- Location: Powhatan County, Virginia
- Nearest city: Powhatan
- Coordinates: 37°32′22″N 77°59′44″W﻿ / ﻿37.53944°N 77.99556°W
- Area: 4,462 acres (18.06 km^{2})
- Governing body: Virginia Department of Game and Inland Fisheries

= Powhatan Wildlife Management Area =

Protected area of Virginia, United States

Powhatan Wildlife Management Area is a 4462 acre Wildlife Management Area (WMA) in Powhatan County, Virginia. Consisting primarily of former farmland, much of the area is currently covered by open fields; these combine with mature and new forest growth to provide habitat for a diverse array of wildlife.

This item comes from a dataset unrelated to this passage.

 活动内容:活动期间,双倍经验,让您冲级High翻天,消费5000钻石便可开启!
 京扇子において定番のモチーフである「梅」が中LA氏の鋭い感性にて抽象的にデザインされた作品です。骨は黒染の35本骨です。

The property is divided by Route 60 and contains one interior parcel of privately owned land. The elevation of the property is between 200 and 350 ft above sea level.

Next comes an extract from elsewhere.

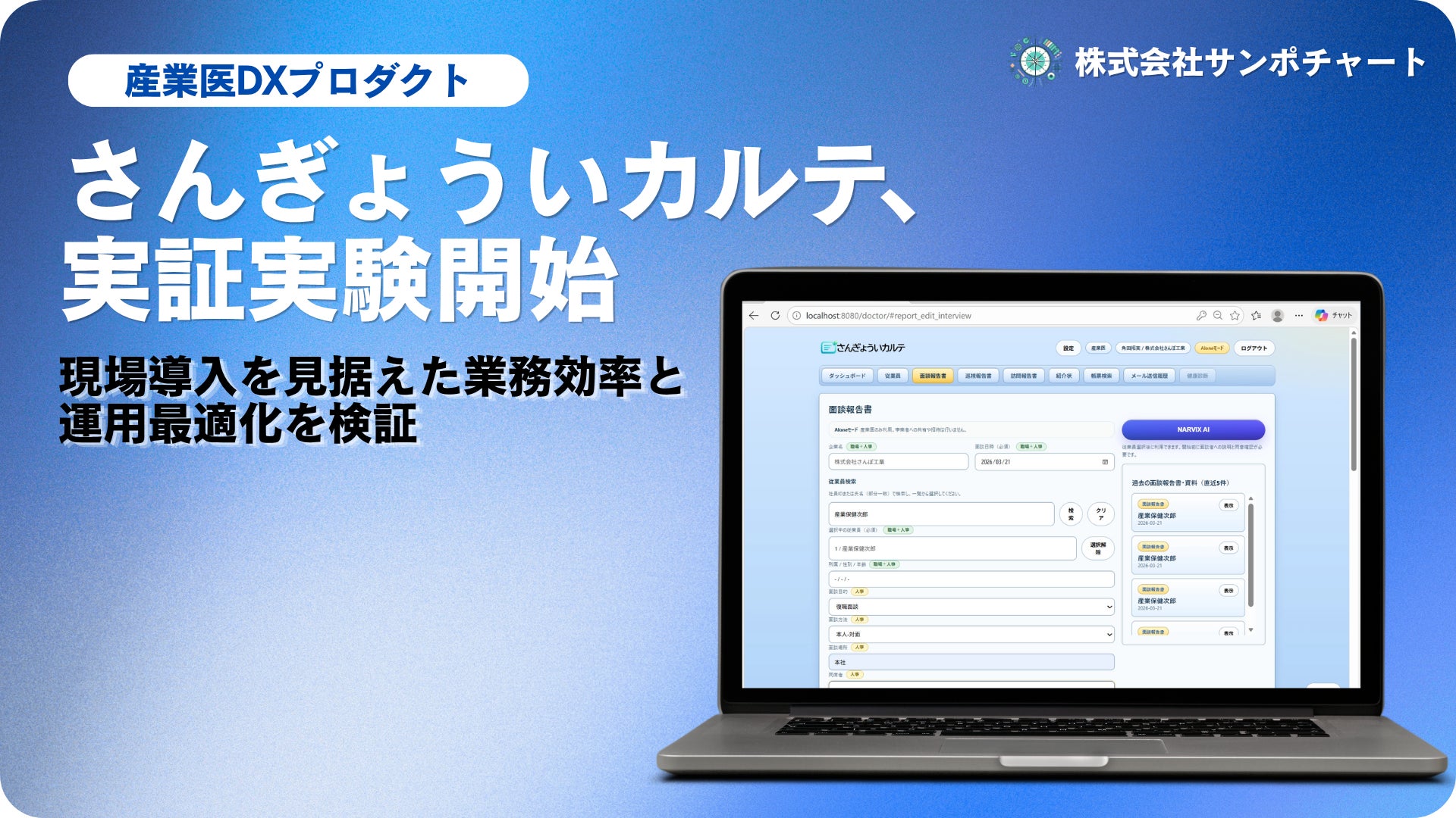 株式会社サンポチャート(本社:愛知県名古屋市、代表取締役:角田拓実)は、産業医業務における面談記録の作成、意見書作成、関係者への共有といった一連の業務を一元化する産業医向けDXプロダクト「さんぎょういカルテ」について、実際の企業現場での運用性と実用性を検証する実証実験(PoC)を開始しました。

The area is drained by several small streams that make their way to Sallee Creek, a tributary to the James River. Located on the property are the two Powhatan Lakes, which are 32 and 26 acre in size; an additional four farm ponds, numerous beaver ponds, marshes along Sallee Creek, and a small impoundment for waterfowl combine to provide water for the area.

Powhatan WMA is owned and maintained by the Virginia Department of Game and Inland Fisheries. The area is open to the public for hunting, trapping, fishing, hiking, boating, horseback riding, and primitive camping. Access for persons 17 years of age or older requires a valid hunting or fishing permit, a current Virginia boat registration, or a WMA access permit.